Al final de la exposición, disertó acerca del añorado cardenal Jósef Mindszenty, de venerada memoria, ejemplo de inquebrantable fe y edificante existencia durante el negro período en que la Iglesia en Hungría estuvo bajo el yugo del régimen comunista.

El cardenal Erdő respondió a continuación a las más diversas preguntas del auditorio, una de las cuales le pedía que narrara cómo fue su llamamiento al sacerdocio. Como éste surgió en medio del referido período de persecución, el heroico camino recorrido por él en la clandestinidad hasta su ordenación sacerdotal fue para los asistentes un conmovedor y vivo testimonio de fidelidad a la Iglesia, al igual que un poderoso estímulo para servir íntegra y valientemente al Señor.

La conferencia concluyó con esta calurosa invitación a los presentes: “Id a Hungría y estaremos todos juntos para vivir esa fe”. Tras la charla el cardenal se marchó hacia São Paulo, donde visitó la catedral y luego se dirigió a una de las casas que la Comunidad Católica Shalom tiene en la ciudad. Fue recibido por el fundador, Moysés Louro de Azevedo Filho, celebró la Santa Misa e hizo una reunión para los miembros de ese movimiento.

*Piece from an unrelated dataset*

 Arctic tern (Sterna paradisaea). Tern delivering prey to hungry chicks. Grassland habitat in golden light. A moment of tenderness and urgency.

Misa solemne en la basílica

Al día siguiente, el cardenal Peter Erdő presidió la Misa dominical en la basílica de Nuestra Señora del Rosario, que fue concelebrada por el P. Bruno Esposito, OP, y tres sacerdotes heraldos. El espacioso templo se encontraba abarrotado de miembros de la institución y de fieles de la parroquia de Nuestra Señora de las Gracias que deseaban conocer de cerca a esta exponente figura de la Iglesia universal.

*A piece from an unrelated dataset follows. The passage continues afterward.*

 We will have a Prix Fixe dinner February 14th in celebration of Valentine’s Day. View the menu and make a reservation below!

Concluida la celebración, el P. Alex Barbosa de Brito, EP, en nombre de Mons. João S. Clá Dias y de todos los integrantes de los Heraldos del Evangelio, manifestó el contentamiento proporcionado por la convivencia a lo largo de esos días, dirigiéndole al cardenal algunas palabras de agradecimiento por la visita hecha en un momento tan especial de la historia de los Heraldos del Evangelio, por su testimonio personal como miembro de una Iglesia de mártires y de héroes y por el esmero con que está siendo organizado el próximo Congreso Eucarístico Internacional.

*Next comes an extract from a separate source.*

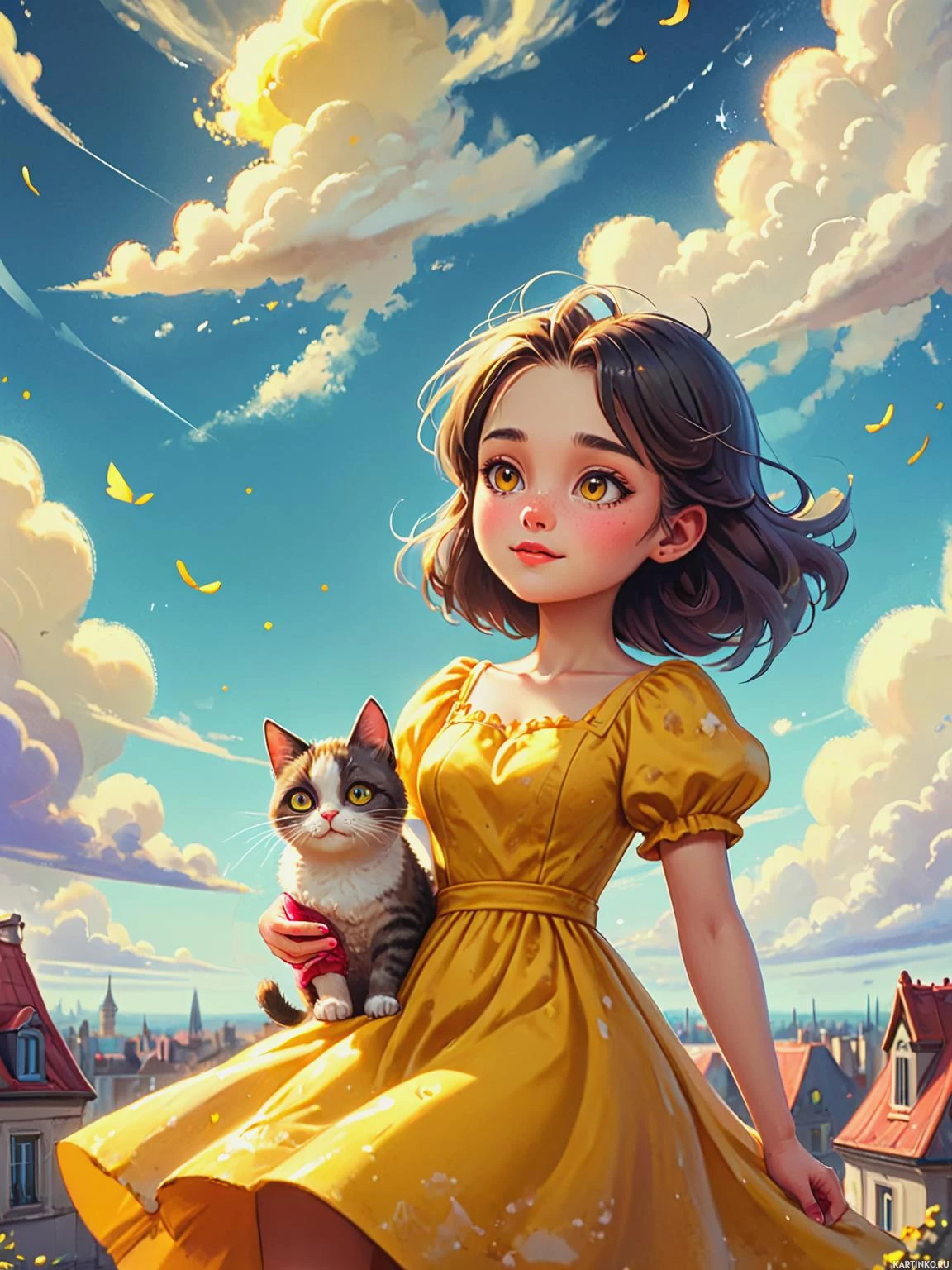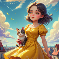 a yellow dress with floral patterns, and the background suggests an outdoor village setting with buildings that have European architectural style. There are clouds in the sky and what appears to be

Antes de la bendición final, Su Eminencia se dirigió aún a los presentes diciendo: “Muchísimas gracias por esta amabilísima acogida, que me emocionó tanto. Me estaba preguntando el porqué de tanta alegría, tanta manifestación de amistad y de consideración hacia mi persona. Reflexionando un poco descubrí que el motivo, a fin de cuentas, es uno solo: tenemos un amigo en común… Y este amigo común es Jesucristo. Él está en el centro de la Iglesia, es nuestro punto de referencia a lo largo de toda la Historia y también en los días actuales. Agradezcámosle el haber podido celebrar hoy una vez más, y de forma tan solemne, su Sagrada Eucaristía”.

Final de la estancia

El último día de su estancia en el seminario menor, el cardenal Erdő quiso asistir al acto del alarde con el que da comienzo las clases del Colégio Arautos do Evangelho Internacional. Se colocó entonces delante de la basílica, desde donde siguió atentamente toda la ceremonia. En la despedida lo invitaron para que se sacara una foto con los profesores y estudiantes, a fin de dejar registrado esos días de especial convivencia con Su Eminencia.

A pesar del corto período de la visita, la presencia del cardenal Péter Erdő en las casas de los Heraldos fue motivo de gran alegría no sólo para los miembros de la institución, sino también para él, que afirmó haber notado mucha bienquerencia en toda la acogida dispensada, concluyendo que era, como dijo en sus palabras finales, fruto del primordial punto que nos unía. 

 

1 Casa generalicia de la sociedad de vida apostólica Regina Virginum, situada en  Caieiras, Brasil.